As shown in the example above, the issue is a data quality error(ETL_QUALITY_UNSATISFIED). To view the detailed error, you need to visit the URL provided in the result. For example, the data exceeded the defined length of the country column in the table schema:

[root@VM-10-6-centos ~]$ curl "http://10.16.10.6:28747/api/_load_error_log?file=__shard_2/error_log_insert_stmt_7602ccd7c3a4854-95307efca7bfe342_7602ccd7c3a4854_95307efca7bfe342"
Reason: column_name[country], the length of input is too long than schema. first 32 bytes of input str: [USA] schema length: 1; actual length: 3; . src line []; 
Reason: column_name[country], the length of input is too long than schema. first 32 bytes of input str: [Canada] schema length: 1; actual length: 6; . src line []; 
Reason: column_name[country], the length of input is too long than schema. first 32 bytes of input str: [UK] schema length: 1; actual length: 2; . src line []; 
Reason: column_name[country], the length of input is too long than schema. first 32 bytes of input str: [Australia] schema length: 1; actual length: 9; . src line [];

For data quality errors, if you want to allow skipping erroneous records, you can set a fault tolerance rate in the Properties section of the S3 Load task. For details, refer to Load Configuration Parameters。

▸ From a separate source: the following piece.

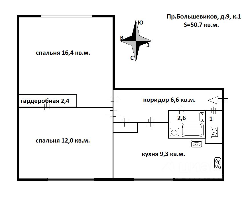 Площадь: 50.7 кв.м. Комнаты 16,4+12,0 кв.м. Просторная кухня с зонированием (отдых и приготовление пищи), изолированные комнаты.
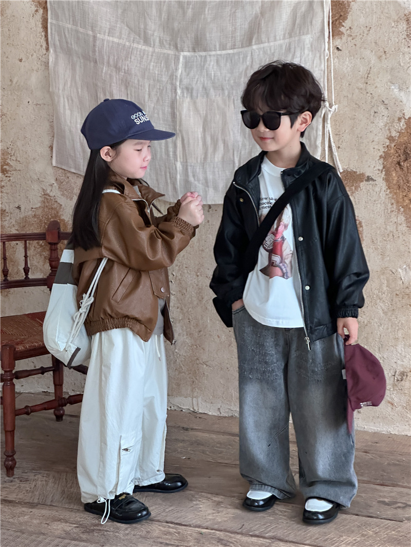 2024 년 봄 새로운 도착 한국 스타일 어린이 작업복 소년 소녀를위한 느슨한 캐주얼 바지스토어 가기

3.4. Loading data from multiple files

When migrating a large volume of historical data, it is recommended to use a batch load strategy. Each batch corresponds to one or a few partitions in Doris. It is recommended to keep the data size under 100GB per batch to reduce system load and lower the cost of retries in case of load failures.

You can refer to the script s3_load_file_demo.sh, which can split the file list under the specified directory on the object storage and submit multiple S3 Load tasks to Doris in batches to achieve the effect of batch load.